Member of the Kurultai
- Incumbent
- Assumed office 27 August 2026
- Party list: Ädilet

Deputy Minister of Defense for Digitalization
- In office 15 April 2022 – 27 August 2026
- President: Kassym-Jomart Tokayev
- Minister: Ruslan Jaqsylyqov Däuren Qosanov

Personal details
- Born: 21 December 1990 (age 35) Kazakh SSR, Soviet Union
- Party: Ädilet (since 2026)
- Children: 3
- Education: King's College London Karagandy Technical University

Military service
- Allegiance: Kazakhstan
- Service: Ministry of Defense
- Years of service: 2022–2026

= Darhan Ahmediev =

Kazakh politician (born 1990)

Darhan Meiramūly Ahmediev (Дархан Мейрамұлы Ахмедиев; born 21 December 1990) is a Kazakh politician serving as a member of the 1st Kurultai from the Ädilet party list.
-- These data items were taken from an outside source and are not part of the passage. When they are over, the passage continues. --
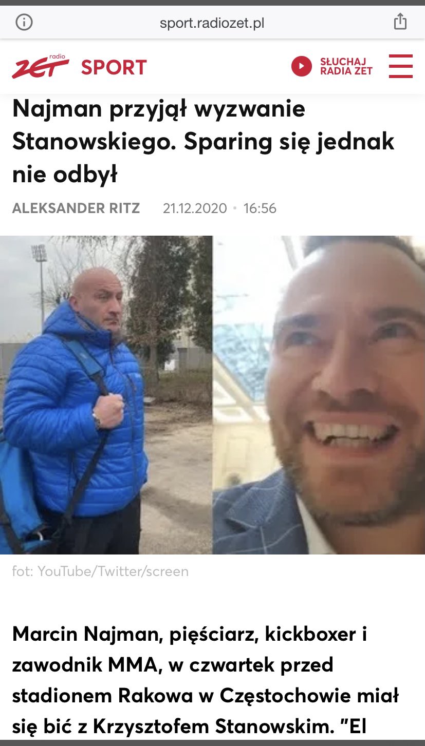 Nie zrozumiał jednak, że dziennikarz żartuje i faktycznie stawił się w umówionym miejscu. O tym, że marcin najman wyczekiwał w częstochowie na krzysztofa stanowskiego wie już cała polska. Pojedynek ostatecznie się nie odbył, ale w wyniku całej sytuacji zawodnik mma urósł do miana polskiego króla memów. Po ostatniej ostrej wymianie zdań krzysztof stanowski i marcin najman mieli spotkać się w częstochowie przed budynkiem klubowym. Marcin najman i krzysztof stanowski spotkali się podczas 29.
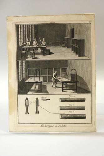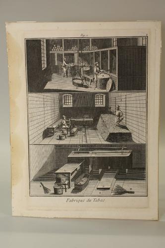 Gravure tabaksproductie (pag. 1) uit Encyclopedie Me...
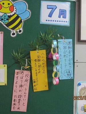 校長先生からは,七夕にちなんで「願いごとは何度も口に出して言うと叶う」というお話がありました。
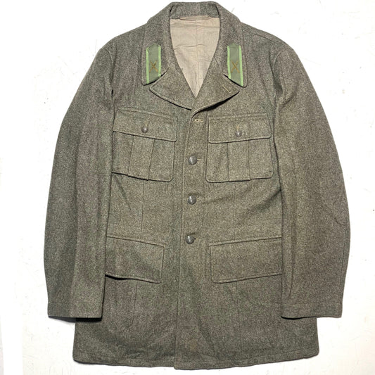 Swedish army 1952 military greyish Green wool field jacket with jack Pockets, artillery patches, mint
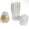 Wok to Go noodle boxes made of solid white cardboard are often used for Chinese takeaway (carry-out trays) and Italian pasta dishes. The flaps on the top of the container serve as a lid when simply folded into one of the two closures. The base of the container is round and leak-proof, making the noodle box also suitable for sauces. A very popular product in Asia. The capacity is 500 ml.
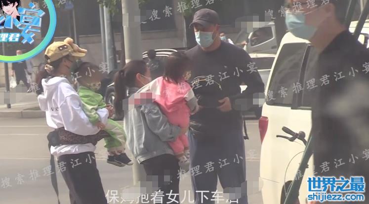 谭维维与老公抱俩娃逛街!腰上系背带好辛苦,老公皮肤黝黑身材壮 ...
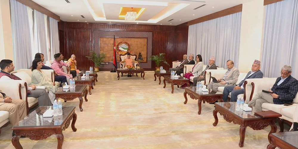 आजको बैठकमा कांग्रेस सभापति शेरबहादुर देउवा, गृहमन्त्री रमेश लेखक, एमालेका वरिष्ठ उपाध्यक्ष ईश्वर पोखरेल, महासचिव शंकर पोखरेल, जनता समाजवादी पार्टीका सहअध्यक्ष रेणुकुमारी यादव, जनता समाजवादी पार्टी नेपालका उपाध्यक्ष राजकिशोर यादव, लोकतान्त्रिक समाजवादी पार्टीका अध्यक्ष महन्थ ठाकुर, नागरिक उन्मुक्ति पार्टीका अध्यक्ष रञ्जिता श्रेष्ठ र जनमत पार्टीका अध्यक्ष डा.सिके राउत लगायतका नेता सहभागी थिए।
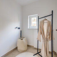 The first floor offers two spacious bedrooms, a modern bathroom with a walk-in shower, double washbasin and toilet, a separate laundry room, and a small balcony at the rear.
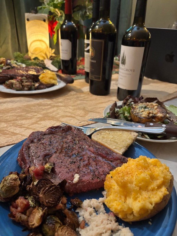 Pairing: The Flora Springs “Trilogy” is a great wine for a holiday gathering… but it wasn’t the greatest with our salad which we loved so much throughout the meal with all of the other wines. It just became a caramel mess in your mouth, too sweet, too sticky, totally uninteresting together. Perfect with the twice baked potatoes: there are layers of flavors in both the wine and the food. The brussels sprouts were also amazing with the wine–together the char and the sweet roasted shallots were a perfect companion to this rich Napa wine. So perfect with the fresh garlic in the garlic bread. This wine was by far the best with our juicy smoky steak.
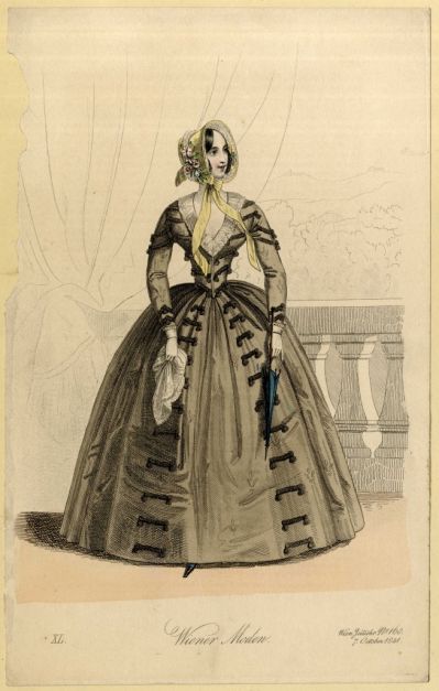 Divatkép - különböző női ruhák kiegészítőkkel, ,melléklet, Wiener Zeitschrift für Kunst, Literatur, Theater und Mode
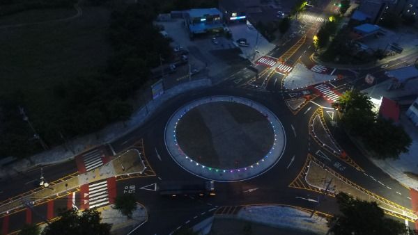 특히 회전교차로 내 교통섬에는 야간에도 안전하게 운전할 수 있도록 발광형표지판 및 LED시선유도 조명시설을 설치해 야간 교통사고 예방효과 및 도시미관을 최대한 살렸다.

Previously, he served as deputy minister of defense for digitalization from 2022 to 2026.

== Early life and education ==
Ahmediev was born on 21 December 1990 in the Kazakh SSR, the Soviet Union.

He graduated from Karagandy Technical University with a degree in information security systems. Later, under the Bolashak scholarship program, Ahmediev also earned a degree in cybersecurity from King's College London.

== Early career ==
Ahmediev began his career in 2012 as an analyst at National Information Technologies JSC.

From 2013 to 2015, he served as an expert at the Ministry of Emergency Situations and a chief expert at the Agency for Civil Service Affairs and Anti-Corruption.

From 2017 to 2022, Ahmediev held the positions of head of Division, deputy head, and subsequently head of the IT Development Department at the Ministry of Digital Development, Innovations and Aerospace Industry.

== Political career ==
On 15 April 2022, by president Kassym-Jomart Tokayev's decree Darhan Ahmediev was appointed deputy minister of defense for digitalization, serving under ministers Ruslan Jaqsylyqov and later Däuren Qosanov.

Following the legislative elections on 23 August 2026, the Adilet party, of which Ahmediev is a member, secured the majority of votes in the newly formed unicameral parliament, the Kurultai. On 27 August, the Central Election Commission registered Ahmediev as a member of the 1st Kurultai, after which he was relieved of his post as deputy minister of defense. The following day, during the first session of the Kurultai, Ahmediev was elected chairman of the Committee on Digitalization, Innovation, and Science.

== Personal life ==
Ahmediev is married and has three children. He speaks Russian, English and Turkish, in addition to his native Kazakh.